たまにActive Directoryを再起不能にするような不具合が発見されるわけですが、今回も残念ながら一部の環境で2026年4月パッチを適用すると、ブルースクリーンループに陥る深刻なバグが報告されていました。
2026年4月19日現地時間に定例外パッチが配信されたので、下記環境に該当するActive Directoryドメインコントローラーを運用されている方は、必ず定例外パッチを適用するようにしましょう・・・!
対象環境
以下すべてを満たす環境が対象です。
- ドメインコントローラーのOSがWindows Server 2016以降
- マルチドメインフォレスト環境
- 特権アクセス管理(PAM)を利用している
上記環境に2026年4月パッチを適用すると、起動時にLSASSがクラッシュして、ブルースクリーンループに陥るというもの。
ドメインコントローラーを複数運用していて、パッチ適用を1台ずつ実施していれば、社内ユーザーの影響は比較的軽微で済みますが、全台で実施すると認証及びディレクトリサービスが機能しなくなり、最終的にドメイン全体が利用不能になる恐れがあります。
対処方法
各OSバージョンに適合した定例外パッチを適用することで回避できます。
| バージョン | Microsoft Updateカタログ |
|---|---|
| Windows Server 2016 | KB5091572 |
| Windows Server 2019 | KB5091573 |
| Windows Server 2022 | KB5091575 |
| Windows Server, version 23H2 | KB5091571 |
| Windows Server 2025 | KB5091157 |
それぞれのOSバージョンに合わせたmsuファイルをダウンロードし、ダブルクリックしてインストールすればOKです。
なお、Windows Update適用時に再起動が要らないホットパッチ向けの定例外パッチも下記の通り配信されています。
| バージョン | Microsoftサポート |
|---|---|
| Windows Server 2022 Datacenter: Azure Edition | Hotpatch KB5091576 |
| Windows Server 2025 Datacenter: Azure Edition | Hotpatch KB5091470 |
Windows Server 2025に適用する場合
手元の検証環境はWindows Server 2025だったので、本事象を避けるべくKB5091157適用してみました。

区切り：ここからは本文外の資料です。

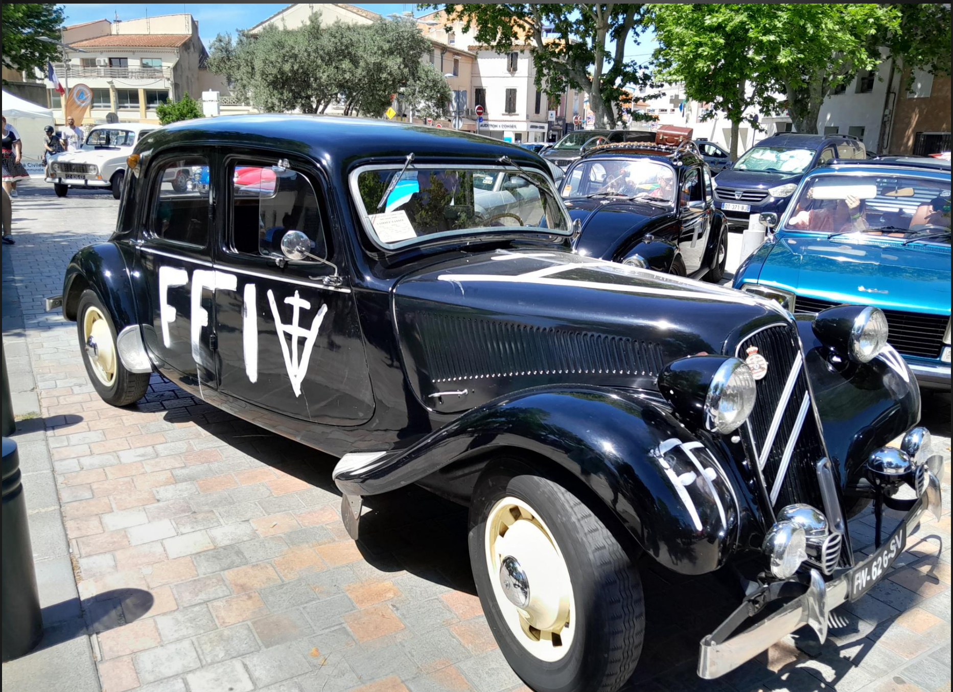
BERRE L'ETANG _ Pas de défilé historique sans la voiture emblématique de la période, utilisée par les FFI et réquisitionnée par la Gestapo, la Citroën Traction , produite de 1934 à 1957.

手順としては、必要なmsuファイルを同じフォルダ(C:\Users\Administrator\Desktop\workなど)に保存したうえで、下記コマンド実行でもインストール可能です(Windows Server 2025を例として挙げています。)
DISM /Online /Add-Package /PackagePath:C:\Users\Administrator\Desktop\work\Windows11.0-KB5091157-x64.msu
これであとは再起動すればOKです。